He’s got me there.
“Well, yes…”
Julian stops walking, so I do too. “You know that makes me wonder what exactly a bad day is, right?” He sounds off. Upset.I get that he’s a compassionate doctor. He took the time to heal me. No one else in this town would have bothered to spit on me if I was on fire.
I shrug. “Its just that, a bad day,” I say, aiming for casual but Julian doesn’t buy it.
“Someone needs to teach this town manners.”
“Fat chance of that happening. You can’t change things in Vesper Point.”
Julian’s blue eyes cut to mine. His eyes look sharp, cold and there’s a drag to his voice when he speaks. “I can. I will.”
“What?”
Julian doesn’t answer me, instead he takes my elbow and urges me forward. “We ought to keep walking. You’ll be late.”

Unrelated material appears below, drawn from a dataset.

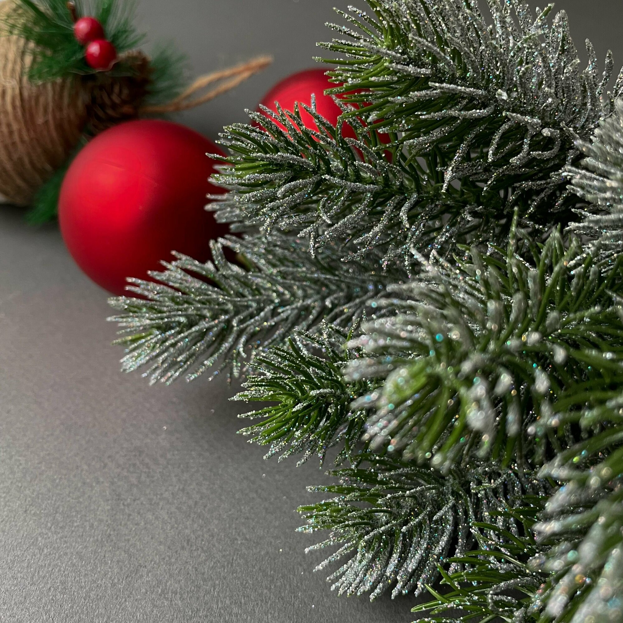Еловая ветка искусственная, декор зимний, рождественский, набор 2 ветки, 50 см

He’s right. I will be late and I didn’t show up yesterday. The paper can run itself for the most part but if I’m gone for too long things go sideways. Last time I didn’t show up for three days because I was on a wine bender and I walked in on Josie, Greg, Lyle, and Mary reenactingLord of the Flies.It was bad. I’ve got another two days left before they elect their very own piggy, so I’m not too worried about what is waiting for me when I walk through the doors of the newspaper.
Big mistake.
The second I see the big glass windows of the Vesper Point Call, I know something’s off. Normally it’s calm. Maybe Josie is outside having a smoke while I see Mary and Lyle going over a story at each other’s desk while Greg drinks his coffee and looks over edits. That’s normal.
But like I told Julian earlier today isn’t normal.
Today it’s chaos.
“What the hell is going on?” I stop in my tracks and watch as Josie sprints through the newsroom with her arms full of papers and a phone tucked to her ear. Mary and Lyle are both on the phone at their desks and furiously taking notes while they stopto shout information to Greg who is frantically writing on the giant whiteboard that normally sits unused in a corner of the office. Last time I looked at it, there were scribbles about a high school football game and a few random games of tic-tac-toe.
“Come on, something's up.” I take off for the newsroom and I’m proud that I don’t trip on my way up the stairs in my heels. It’s been a while since I’ve run in heels but it’s definitely like riding a bike. Once a woman learns to sprint in heels, there’s no taking the skill from her.
“Boss!”
I’m immediately assailed the nanosecond I set foot in the news office. “What is it? What’s going on?”
“They found a body,” Greg yells from where he’s scribbling on the white board.
“A body?” I feel like the floor is dropping out from under me and if Julian wasn’t at my side, I probably would faint but I don’t. He loops an arm around my waist and keeps me standing. “What do you mean they found a body? Where?”
“St. Edward’s.”
“Fuck,” I whisper and the room does well and truly spin. Of course, it’s the day that I feel alive that my murdering ass gets thrown in jail. Why today of all days? Couldn’t it have happened yesterday when the will to live hadn’t set up shop in my body? Is this what they talk about getting a second win before you die?
I lean in closer to Julian and let him take more of my weight. “Who’s body?” I rasp, still clutching the bag with my feta wrap in it. The damn thing is probably a mess by now. Good thing I’m not hungry anymore. A dead body turning up where you offed a jackass will do that.
“Father Paretti’s,” Josie tells me on her way past. “I’ve been talking to the police chief all fucking morning. The cleaners found him when they went in to do their morning clean before mass.”
Today’s Friday. That makes sense. There’s no mass on Thursdays, not after the evening Wednesday at five sharp. My granny used to go to the Friday morning service religiously. Every morning at seven am, she was sitting in the first pew ready to start her day.
“The weekend is full of fun, may as well get ready for it,”she used to tell me on her way out the door. My heart pangs thinking about granny being gone. Now that Father Paretti is gone, it feels like another part of her has been chipped away. Father Paretti was a decent enough man, he was good to me and granny. He never judged me.
That’s why I ran to the confessional booth without thinking after I’d killed Brian. I’d done it on instinct. The need to feel safe, to feel understood, seen. I think in some way I had linked Father Paretti to granny. If I talked to him about what I’d done then it was like I’d talked to her, except…
It wasn’t Father Paretti that I spoke to that night was it?
“Where did they find him?” I ask.
Josie makes a face. “That’s the thing of it. They found him in the confessional booth, he was tying one on in there but someone killed him.”